Source: DER Management Systems 2014: Technology, Deployments and Market Size
A DR-Driven DERMS can be compared to a demand response management system (DRMS), aggregating siloed demand response, and then using it to offset variable generation. As a matter of fact, Alstom incorporates its DRMS product into its DERMS solution.
Supply-Driven DERMS
Though more prevalent in Europe than North America, a supply-driven DERMS increases system visibility into DG resources, enabling greater local and global system functionality. It enables a utility to leverage existing generation resources (e.g., smart inverters, customer-sited DG) to provide enhanced services such as generation curtailment, conservational voltage reduction, and/or volt/VAR optimization.
Supply-driven DERMS have a greater potential in European countries with high DG penetration such as Germany. The French-controlled islands of Réunion and Guadeloupe are early adopters of a supply-driven DERMS, deploying an Itron-developed system in 2008 to measure total intermittent generation, prioritize activities, and subsequently curtail solar PV generation.
Mixed-Asset DERMS
The mixed-asset DERMS class aggregates the capabilities of both distributed generation and demand-side resources through a common interface. These systems, however, are characterized by extreme disparities in functionality, since distribution systems are composed of differing assets and, depending on the region, are subject to diverse operating conditions.
As one might guess, no two utilities are alike and each faces a unique set of challenges that may require different solutions. The DERMS market is characterized by highly customizable offerings, making it difficult for most vendors to produce an off-the-shelf product. Still, despite the challenges of integrating legacy equipment and a changing regulation landscape, some companies are seeing opportunity and taking a big step forward.
Vendors Testing the Waters With New Products
Grid incumbents such as Alstom and Siemens are offering quasi-customizable products that promote an increased internal memory and processing capacity to accommodate the potential of thousands, if not millions, of new data points. Others like GE have yet to release a DERMS offering, citing the newness of the market and lack of client interest.
Smaller vendors such as Colorado-based Spirae and Ontario’s LocalGrid have leveraged their experience in hierarchical microgrid controls and applied it to distribution networks.

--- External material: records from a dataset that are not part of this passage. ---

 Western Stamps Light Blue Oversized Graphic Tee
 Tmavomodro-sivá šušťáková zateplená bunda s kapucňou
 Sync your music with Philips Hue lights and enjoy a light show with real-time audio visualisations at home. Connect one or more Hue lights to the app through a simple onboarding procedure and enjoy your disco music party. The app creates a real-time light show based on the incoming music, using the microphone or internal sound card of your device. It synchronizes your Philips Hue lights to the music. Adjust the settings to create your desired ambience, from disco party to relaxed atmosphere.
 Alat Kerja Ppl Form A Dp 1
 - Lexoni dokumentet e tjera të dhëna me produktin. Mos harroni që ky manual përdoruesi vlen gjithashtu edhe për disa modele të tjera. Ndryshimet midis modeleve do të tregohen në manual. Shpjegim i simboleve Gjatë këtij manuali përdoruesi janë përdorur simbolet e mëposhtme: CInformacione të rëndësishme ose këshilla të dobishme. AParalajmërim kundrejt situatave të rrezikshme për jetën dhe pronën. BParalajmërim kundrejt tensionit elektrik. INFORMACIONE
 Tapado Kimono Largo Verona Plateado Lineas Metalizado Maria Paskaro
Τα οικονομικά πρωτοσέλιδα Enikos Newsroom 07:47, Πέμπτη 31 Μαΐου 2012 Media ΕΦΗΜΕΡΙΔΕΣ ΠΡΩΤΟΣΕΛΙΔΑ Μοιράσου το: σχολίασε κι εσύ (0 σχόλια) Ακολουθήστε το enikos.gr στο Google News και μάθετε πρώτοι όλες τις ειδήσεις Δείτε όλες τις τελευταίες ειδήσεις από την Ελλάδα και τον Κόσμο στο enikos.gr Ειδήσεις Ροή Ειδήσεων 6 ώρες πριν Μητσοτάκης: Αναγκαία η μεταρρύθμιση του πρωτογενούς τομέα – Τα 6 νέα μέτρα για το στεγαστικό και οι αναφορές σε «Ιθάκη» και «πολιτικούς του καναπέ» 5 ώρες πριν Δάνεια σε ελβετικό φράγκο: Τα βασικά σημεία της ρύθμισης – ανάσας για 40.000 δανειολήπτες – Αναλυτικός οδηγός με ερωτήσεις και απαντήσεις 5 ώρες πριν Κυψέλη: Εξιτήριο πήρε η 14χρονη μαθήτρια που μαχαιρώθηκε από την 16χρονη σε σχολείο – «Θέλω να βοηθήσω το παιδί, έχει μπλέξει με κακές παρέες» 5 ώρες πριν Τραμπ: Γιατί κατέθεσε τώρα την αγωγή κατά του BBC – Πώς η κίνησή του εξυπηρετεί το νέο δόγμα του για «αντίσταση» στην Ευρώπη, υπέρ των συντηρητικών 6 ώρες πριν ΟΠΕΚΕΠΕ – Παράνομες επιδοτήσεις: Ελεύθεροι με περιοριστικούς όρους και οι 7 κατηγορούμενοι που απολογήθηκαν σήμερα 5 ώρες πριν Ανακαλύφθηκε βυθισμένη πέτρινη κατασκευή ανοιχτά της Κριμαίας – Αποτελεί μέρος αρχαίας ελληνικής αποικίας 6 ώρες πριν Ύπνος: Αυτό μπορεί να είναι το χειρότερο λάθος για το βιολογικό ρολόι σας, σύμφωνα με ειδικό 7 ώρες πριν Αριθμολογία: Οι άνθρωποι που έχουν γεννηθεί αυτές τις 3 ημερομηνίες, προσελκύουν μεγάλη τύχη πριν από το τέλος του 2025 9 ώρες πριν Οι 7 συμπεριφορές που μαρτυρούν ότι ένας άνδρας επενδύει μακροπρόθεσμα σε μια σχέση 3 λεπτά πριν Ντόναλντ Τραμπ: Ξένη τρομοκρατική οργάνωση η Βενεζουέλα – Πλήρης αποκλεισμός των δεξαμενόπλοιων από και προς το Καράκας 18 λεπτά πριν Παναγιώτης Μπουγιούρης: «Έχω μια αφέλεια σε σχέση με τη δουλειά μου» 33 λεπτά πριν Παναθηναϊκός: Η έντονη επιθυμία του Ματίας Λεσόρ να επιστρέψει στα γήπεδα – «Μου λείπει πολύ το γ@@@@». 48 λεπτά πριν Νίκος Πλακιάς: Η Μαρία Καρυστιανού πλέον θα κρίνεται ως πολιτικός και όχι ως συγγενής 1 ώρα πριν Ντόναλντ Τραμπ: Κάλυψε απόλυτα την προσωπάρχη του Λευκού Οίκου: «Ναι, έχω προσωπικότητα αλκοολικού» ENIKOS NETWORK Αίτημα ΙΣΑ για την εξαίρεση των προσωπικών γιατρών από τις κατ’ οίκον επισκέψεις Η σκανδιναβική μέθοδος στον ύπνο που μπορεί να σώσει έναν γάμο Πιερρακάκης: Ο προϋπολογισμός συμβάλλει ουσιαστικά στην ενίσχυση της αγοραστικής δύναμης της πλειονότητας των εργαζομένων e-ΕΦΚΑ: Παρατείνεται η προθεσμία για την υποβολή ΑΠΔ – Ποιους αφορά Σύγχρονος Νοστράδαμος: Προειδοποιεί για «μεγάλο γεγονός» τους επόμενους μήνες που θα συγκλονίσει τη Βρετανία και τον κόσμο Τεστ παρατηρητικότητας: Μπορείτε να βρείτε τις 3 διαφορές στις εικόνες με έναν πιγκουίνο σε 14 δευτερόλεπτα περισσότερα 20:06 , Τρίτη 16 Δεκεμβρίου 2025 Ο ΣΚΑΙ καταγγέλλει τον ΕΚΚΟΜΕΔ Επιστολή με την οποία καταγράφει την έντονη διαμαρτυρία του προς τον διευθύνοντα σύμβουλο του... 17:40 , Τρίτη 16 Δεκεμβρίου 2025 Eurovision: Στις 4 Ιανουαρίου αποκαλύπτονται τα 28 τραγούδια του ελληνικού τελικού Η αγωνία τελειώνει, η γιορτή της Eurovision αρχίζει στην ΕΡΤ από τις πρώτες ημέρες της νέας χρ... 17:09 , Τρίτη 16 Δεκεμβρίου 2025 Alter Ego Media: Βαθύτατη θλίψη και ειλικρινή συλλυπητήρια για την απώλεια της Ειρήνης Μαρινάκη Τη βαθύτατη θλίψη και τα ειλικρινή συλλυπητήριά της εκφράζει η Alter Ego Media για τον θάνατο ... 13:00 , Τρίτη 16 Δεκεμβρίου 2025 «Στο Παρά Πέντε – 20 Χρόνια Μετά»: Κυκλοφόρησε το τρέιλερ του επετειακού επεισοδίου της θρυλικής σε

Such an approach pushes intelligence to the grid edge, simultaneously enabling fast-responding local resources, while also addressing global objectives.
Examining the North American Picture
GTM Research has found the North American market to be largely DR-driven, though mixed-asset DERMS deployments are becoming increasingly popular, especially in regions that have experienced high distributed PV penetrations (e.g., California and Hawaii).
Source: DER Management Systems 2014: Technology, Deployments and Market Size
The Pacific Northwest Transactive Energy project, supported by a $178 million DOE grant, serves as an example of the high degree of diversity in this market. Price-based incentive signals connect eleven distribution utilities and provide 60 megawatts to 70 megawatts of responsive resources throughout the system. Other notable DERMS deployments include the Duke Energy Carolinas project which utilizes an Alstom DERMS, as well as the recently announced SDG&E distributed grid, developed with microgrid controls vendor Spirae.
Although this may be the beginning of the inevitable transformation of distribution grids, the surge in DG penetration must be addressed by not only utilities, but regulators and vendors as well.